REDEMPTION: salvation, rescue, liberation, deliverance, release.
(No, this isn’t about saving your soul or making amends…it’s about returning cans)
I know I go on about this all the time, but the simplest of things can trigger the best of memories. Smell, sound, action…I ran into it all this weekend. As we were heading home from vacation, I finally convinced my husband to stop at the redemption center and cash in the garbage bag of beer cans he’d accumulated. It was a feat let me tell you. It was as if returning the empties would take something away from the act of drinking the beer in the first place. In reality, I think it’s just a new concept to NH people.
Not for me. I grew up in Maine and it was old hat. Besides, it helped buy gas for my Chevette or beer for the weekend. So, I grabbed the bag of cans, strolled around the side of the BEVERAGE AND REDEMPTION CENTER and pushed open the door. Wow…The smell of stale beer, the clink of empty bottles being tossed from bag to box, the crunch of cans being artfully counted and sorted in one foul swoop. Ah…redemption. Suddenly, I was 17 years old back in Lewiston, half expecting that handsome, cocky boyfriend of mine to be there: feet on desk, smile on face, cigarette hanging out of the corner of his mouth. I tried very hard not to smile as the pudgy teen in front of me counted out my $3.85 worth of Bud Light cans and handed me a voucher. It lasted a total of perhaps two minutes, but for the rest of the day I was cast back 26 years.
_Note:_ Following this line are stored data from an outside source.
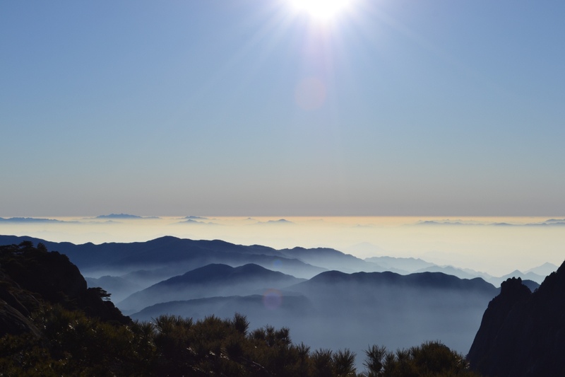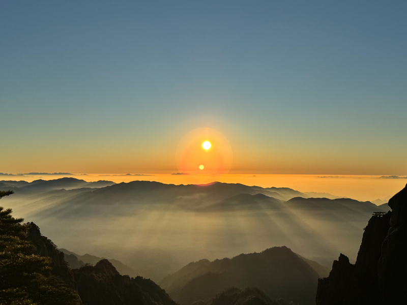 第二天,天还未亮,我们便早早地起床,来到白鹅山庄前等待日出。此时,山顶上已经聚集了许多游客,大家都怀着激动的心情,翘首以盼。渐渐地,天边泛起了一丝红晕,太阳慢慢从云层中探出了头。万道金光洒向大地,整个黄山被染成了金黄色。山峦、云海、松树在阳光的照耀下,显得更加生机勃勃。
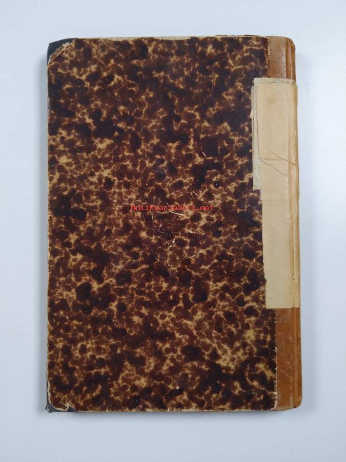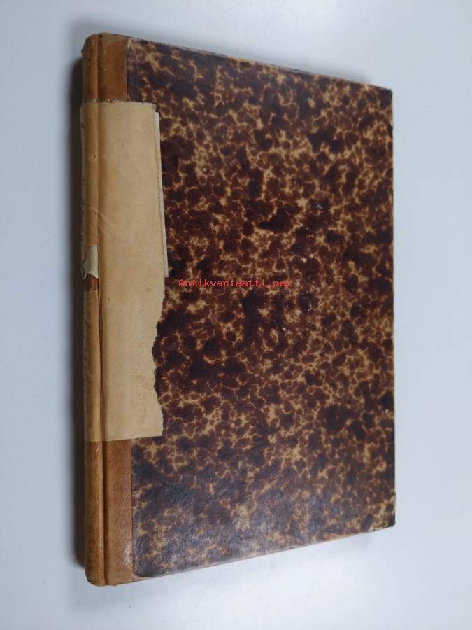 Hyvä. Tarkempi kuntoluokka: K3- ; Hieman rispaantumaa reunoilla ja kulmissa, selkämyksessä aavistus vinoutta. kaksi teosta yhteen sidottuna ; toisen teoksen teksti fraktuuraa
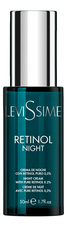 От производителя:Для активного ухода за возрастной, усталой, тусклой кожей лица эксперты Levissime предлагают воспользоваться ночным кремом Retinol Night с ретинолом 0,2%. Средство обладает омолаживающими, подтягивающими свойствами, оно выравнивает цвет лица, борется с нарушениями пигментации, разглаживает морщины.Биоактивный комплекс на базе ретинола стимулирует обменные и восстановительные процессы, совершенствует структуру эпидермиса и цвет лица, снабжает ткани мощными антиоксидантами, которые активно защищают покровы от разрушительного влияния внешних факторов и старения. Систематическая забота помогает стереть с кожи признаки увядания, разглаживает морщины, нормализует гидролипидный баланс, устраняет последствия акне и дневных стрессов. Способ применения:Использовать только в вечернее время! Наносить на предварительно очищенную кожу. В течение 3–4 недель использовать 1–3 раза в неделю, затем ежедневно. Курс — от 3 до 8 месяцев. Рекомендуется к использованию независимо от времени года.В дневном уходе обязательно использование дневного крема Advance Ultra Protect Daily Cream SPF 50+.Внимание! Обычно при первых применениях ретинол вызывает зуд, покраснение или даже шелушение. Это то, что известно как ретинизация или период адаптации кожи к ретинолу, и его необходимо пройти, чтобы он раскрыл все свои эффекты. Меры предосторожности: В случае раздражения кожи сократите частоту использования. Избегайте контакта с глазами, губами, раздраженными участками или ранами. В случае контакта промыть большим количеством воды. Все наши формулы прошли дерматологические испытания.Противопоказания: планирование беременности за 6 месяцев, во время беременности и период лактации!Состав:Ночной крем для лица с ретинолом Retinol Night от Levissime содержит: Никотиновая кислота (никотинамид), Ретинол 0,2% (витамин А), Ретинил пальмитат 0,1% (инкапсулированный), Экстракт цезальпинии колючей, Экстракт японского кедра, Экстракт центеллы азиатской (бурая водоросль), Пропандиол (полисахарид), Кремний, Маннитол (полисахарид), Фосфатидилхолин (фосфолипид), Холестерол, Ксилоза (полисахарид), Салициловая кислота 0,1%, Гиалуроновая кислота, Витамин Е
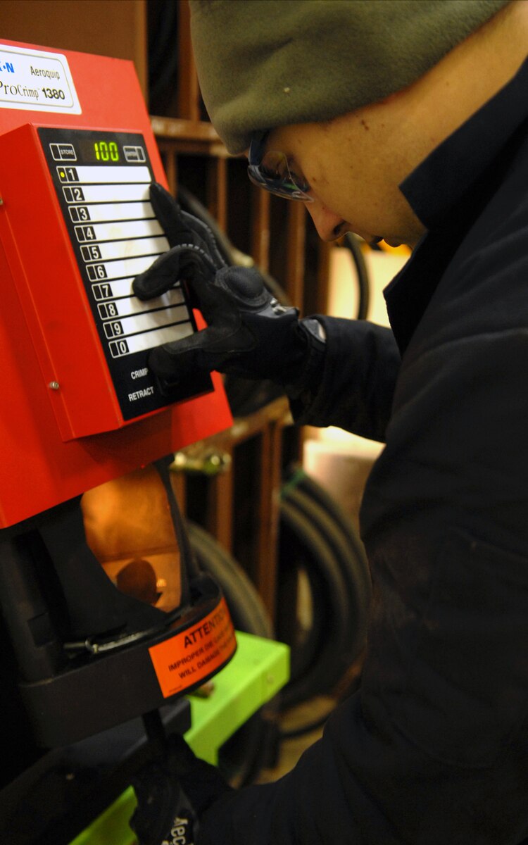 Airman 1st Class Jared France, 8th Logistic Readiness Squadron vehicle maintenance technician verifies the alternator of a 25-ton snow sweeper is receiving the correct amount of voltage on Kunsan Air Base, Republic of Korea, Dec. 11, 2012. France was assisted by Senior Airman Nicholas Lamendola, 8th LRS fire-truck maintenance technician, who help repair the vehicles used by the 8th Civil Engineer Squadron to clear the base of snow. (US Air Force photo by Staff Sgt. Tong Duong/ released)
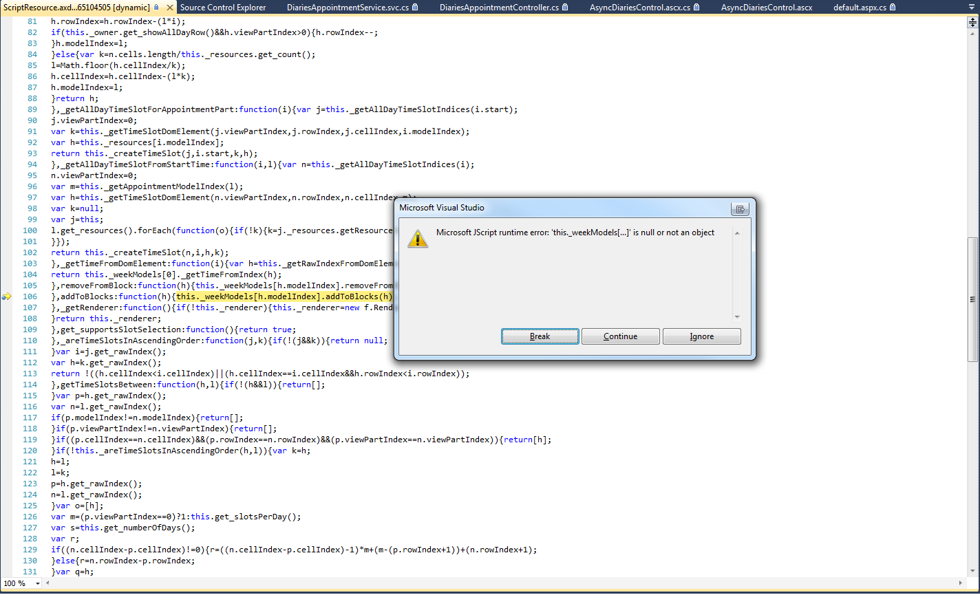 Also, if I set the scheduler to show DayView by default and then click on the WeekView button on the scheduler it renders as attached (halfrender.png) but also gives an error in Visual Studio (vserror.png)

What an odd name to give to the act: redemption. The same name we give to saving our soul is given to the return of bottles and cans for cash. I’m not sure how it’s rescue or salvation, but it was deliverance for me that day. A bit of a liberation from the ho-hum of daily life with a dive back to my past. One memory plays off another and soon I’m wondering where in the hell time went and when did I stop being a kid? When did I become this 40-something mom getting all misty-eyed over returning empty beer cans? Did I appreciate life then? I know I wanted to be older, wiser & liberated. Yet, my salvation comes from slipping back into memory more often than I should. I have never once considered myself one of those people who dread getting ‘old’, but right now I do. I wonder if it’s behind me now; if the best has come and gone and the only thing left to look forward to is being older, wiser and liberated.
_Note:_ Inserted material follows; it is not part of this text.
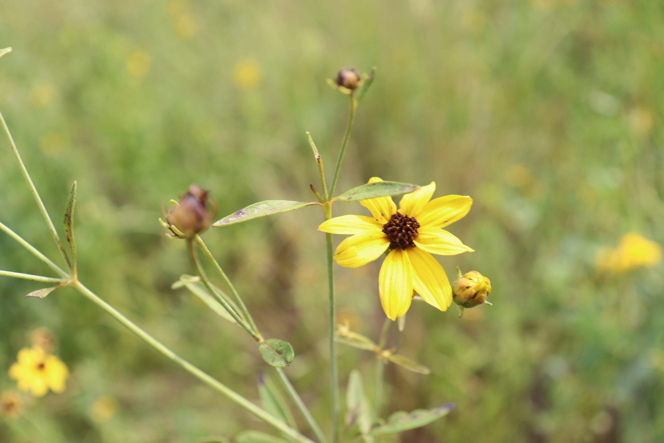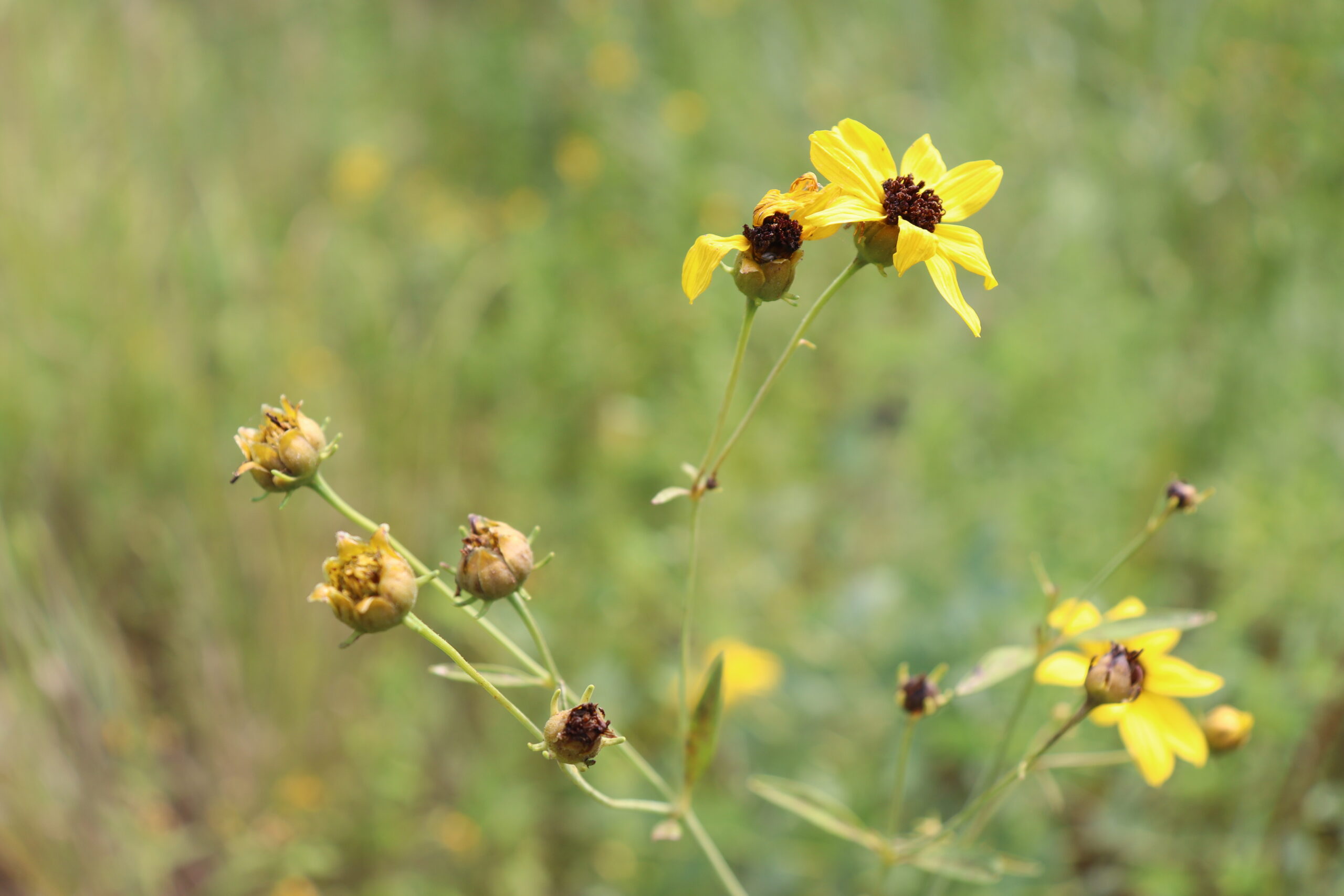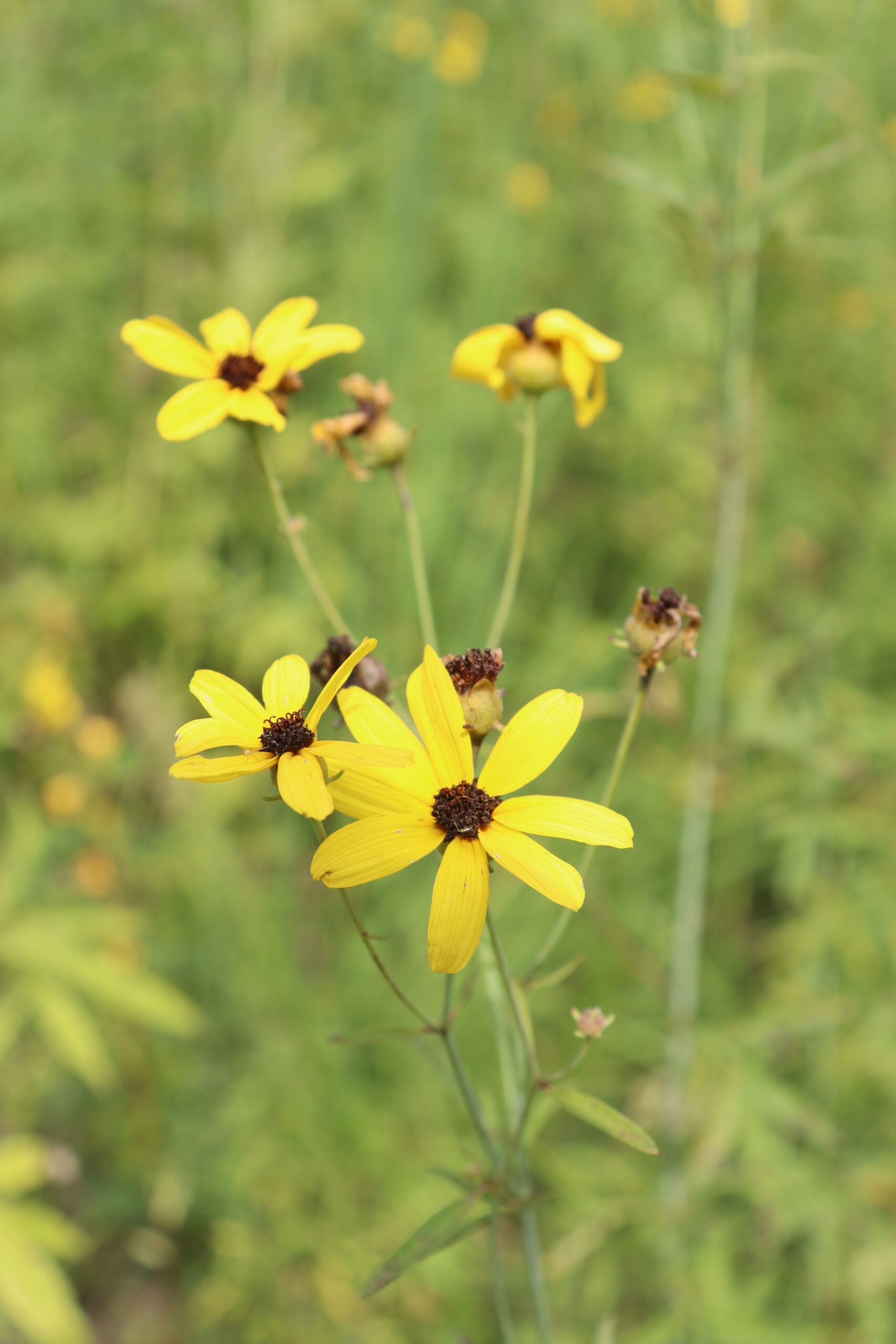 A large coreopsis species that provides a show of mid summer color in plantings. Found in pastures, prairies, and glade edges. Plants are up to six feet tall, topped with bright yellow flowers. Blooms from July to August. Useful in pollinator plantings, diverse pastures, informal plantings.

The redemption center in Lewiston is gone, torn down and replaced by a parking lot. A new one took its place further up the road in a nicer building with easier access. It doesn’t matter. To me it’s still there, still busy, noisy, smelling of stale beer. To me it’s still 1984 and I’m anxious to embark on the whirl-wind journey of growing up with my whole life in front of me! I just wish I could just travel back and tell myself to stop! enjoy what surrounds me, and stop wishing it all away. All too soon it will be gone and I’ll be sitting here, wondering what in the hell happened.